Давайте вернемся к «Биографии», которую писала Сюзи, и узнаем мнение непредубежденного человека.
«Внешность папы описывалась много раз, но очень неверно. У него красивые седые волосы, не слишком густые, не слишком длинные, а как раз в самый раз; римский нос, который сильно улучшает красоту его черт; добрые голубые глаза и маленькие усы. У него чудесно вылепленная голова и красиво очерченный профиль. У него очень хорошая фигура – словом, он необычайно привлекательный мужчина. Все его черты совершенны, разве что зубы не так замечательны. Цвет лица у него очень светлый, и он не носит бороду. Он очень хороший человек и очень смешной. У него горячий характер, но таковы все в нашей семье. Он красивейший человек из всех, кого я видела или надеюсь увидеть – и, о! такой рассеянный. Он рассказывает абсолютно восхитительные истории. Мы с Кларой любили сидеть на подлокотниках его кресла и слушать, как он рассказывает нам истории о картинах на стенах».

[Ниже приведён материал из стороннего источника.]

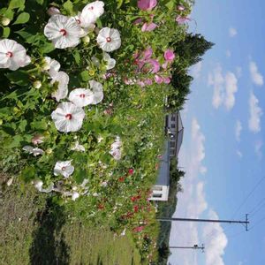 今日も猛暑日予想… すでに31℃になりました 日射しが強すぎて、花色の濃い赤系は焼けてしまいます(^_^;) 来年は遮光ネット張るかな… 🏷️フヨウ畑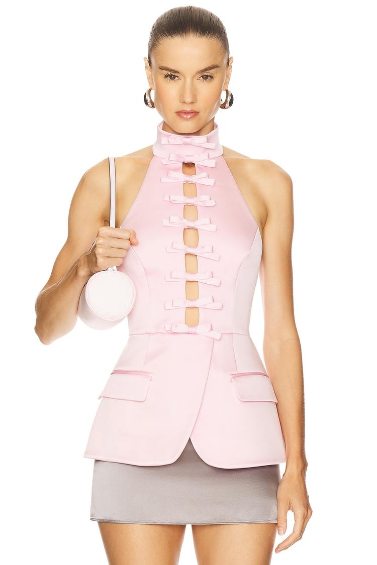 Soft matte light pink satin brings a modern elegance to this fitted hip-length corset top. Featuring a halter neck with button loop closures and a striking front cut-out adorned with delicate bows, it creates a chic silhouette enhanced by boned sides for structure. The sleeveless design and hidden back zipper provide a sleek finish, while faux flap pockets add subtle detail. Ideal for casual brunches, night outs, or sophisticated gatherings, this polyester top blends contemporary style with refined details for versatile wear.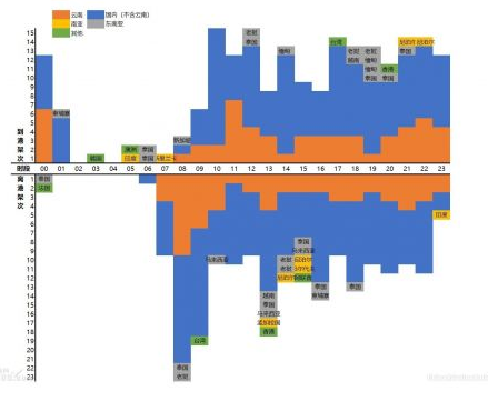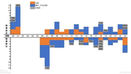 根据以上思路,基于飞常准大数据昆明机场2018年2月1日的航班运力安排,绘制昆明机场一天的航班波示意图,需要注意的是,由于部分航点的频次较低,可能不到每天1班,绘制航班波时,航班信息会缺失,但是不会影响对航班波整体结构的分析。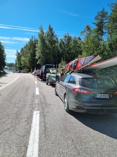 Kalusto ja tavarat kyytiin ja taas matkaan, nyt kummipyörillä. Ajoimme Tammisaaren venerantaan parkkiin, nyt jätimme kanootit kärryyn ja auton katolle, suuntasimme Italialaiselle A…. jäätelökioskille. Hyvältä maistui ja oli riittävästi. Sieltä sitten Hankobaanaa kotia kohti ja kalusto parkkiin, siinähän se taas oli. Aikaa kului se viikonloppu lauantaista klo 9 sunnuntaihin klo 18. Melontamatkaa tuli lauantaina n. 14 km ja sunnuntaina n.15 km, autoilua hieman enemmän.

Я живо помню эти рассказы. Они были трудными и придирчивыми слушателями – эти маленькие существа.
Четверг, 8 февраля 1906 года
Вдоль одной из стен библиотеки в хартфордском доме книжные полки примыкали к камину – собственно говоря, книжные полки располагались по обеим сторонам от камина. На этих полках и на каминной полке стояли разнообразные безделушки. На одном конце этой вереницы находилось в рамке написанное маслом изображение кошачьей головы, на другом конце – изображение головы красивой молодой девушки в натуральную величину. Мы называли ее «Эммелина», потому что она была похожа на это имя – акварель в духе импрессионизма. Между этими двумя картинами располагалось двенадцать – пятнадцать уже упомянутых старинных безделушек, а также написанная маслом картина кисти Илайхью Веддера[137] под называнием «Юная Медуза». То и дело дети требовали от меня сочинить романтическую историю – всегда экспромтом, на подготовку не давалось ни секунды, – и в этот роман я должен был вставить все безделушки и все три картины. Начинать всегда приходилось с кошки и заканчивать Эммелиной. Мне никогда не позволялось ради облегчения изменить порядок повествования, например, на обратный. Не разрешалось вводить безделушки в рассказ, нарушая их очередность в этой веренице.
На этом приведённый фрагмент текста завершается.